Yunesit’in (Stone) First Nation Chief Russell Myers Ross (left), TNG communications advisor Loretta Williams and TNG cultural ambassador Peyal Laceese drum at the beginning of the celebration.

COVID-19: Yunesit’in First Nation government postpones election until September

Chief and two members of council were to be elected in mid-July

An election for Yunesit’in First Nation chief and two members of council has been postponed.

Initially scheduled for July 15, the election will now take place on September 9 as a result of the novel coronavirus pandemic.

“There are no real rules around how to postpone an election in case of an emergency but we tried to delay it as far as we could,” Chief Russell Myers Ross said, adding the Yunesit’in Government has a custom election code.
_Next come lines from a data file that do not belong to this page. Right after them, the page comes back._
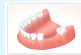
歯を失い、やせてしまったはぐき

歯を失った後、歯の根を支えていた骨は力の伝達が無くなるためその役割を失い、ある程度の細さになるまで自然に吸収し、やせていきます。 インプラントならば、咬む力をしっかりと骨に伝えてくれますので時間が経っても骨はやせません。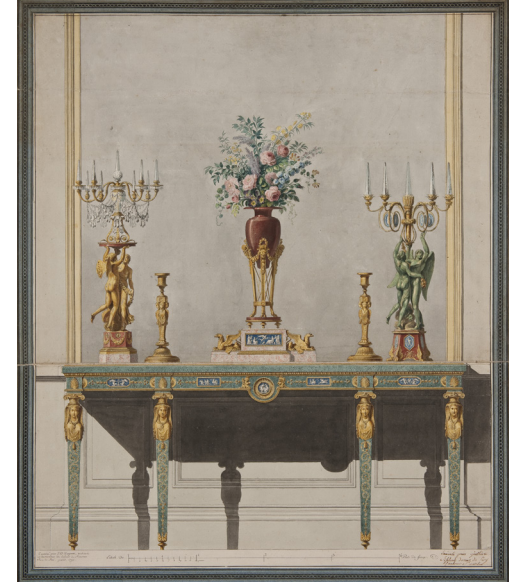
▶ Projet pour une table d'applicque, candélabres, flambeaux et vase Jean-Démosthène Dugourc, vers 1790 Dessin à l'encre noire et aquarelle Musée des Arts décoratifs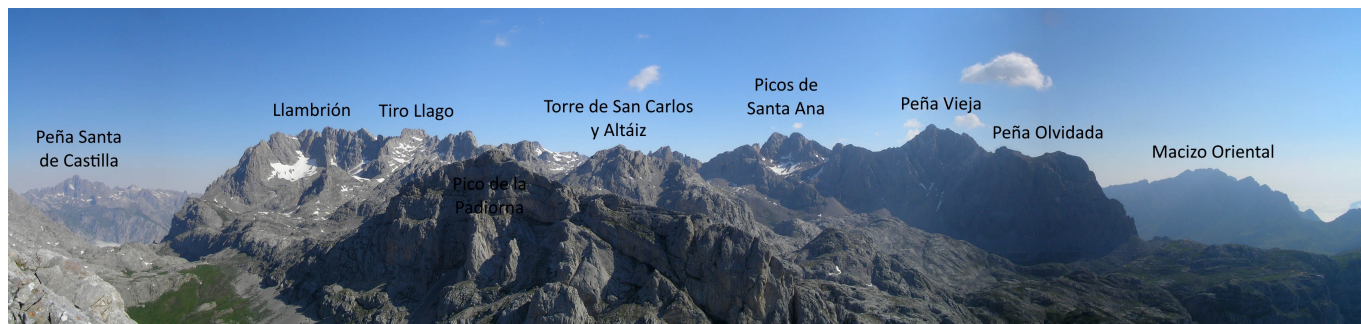
El Macizo Central de los Picos de Europa desde Peña Remoña.

La ascensión a Peña Remoña se puede hacer desde este collado por la larga vertiente norte de este pico, pero es aconsejable, desde el collado, comenzar la subida por la cara que da a la Vega (SO) por una pequeña canaluca, poco después de la cual se virará al SE. En el camino hay que superar bloques de piedra caliza y algún que otro resalte rocoso en el que hay que ayudarse con las manos. La subida es un poco más larga de lo que a primera vista pueda parecer, pero se termina por alcanzar la airosa cumbre de Peña Remoña (2239 m), espectacular proa del submacizo de las Peñas de Cifuentes (la cima más al S y más alta de los tres picos que lo conforman). Las vistas de la Cordillera Cantábrica (S) son amplísimas, pero hacia los Picos de Europa decepcionan algo, pues las paredes del Pico La Padiorna (2314 m) y otros próximos ocultan bastante el resto del macizo.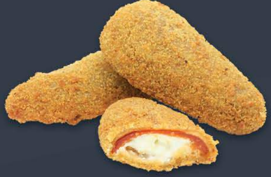
Red Hot Jalapeno Poppers 1 kg (Ort. 29 adet) x 5 paket

“Out of safety, we don’t want candidates going door to door or the fact that we can’t assemble in gatherings we just decided that it’s probably more fair to have the election postponed and continue with life just a little bit more normal.”

Visitors remain prohibited from entering Yunesit’in and a checkpoint remains in place along Taseko Road.

Read More: Former Xeni Gwet’in chief drums traditional songs during pandemic lockdown

“So far there’s been no real incidents and we’ve happy that people are abiding by our law and our aspirations to keep the community safe,” Ross said.

“At this point we’re just going week by week and we’re just listening to how the province and Canada is responding to COVID-19 and how the health authorities are advising. So we’re just doing weekly check-ins to see whether or not we should keep continuing it but so far it seems to be working.”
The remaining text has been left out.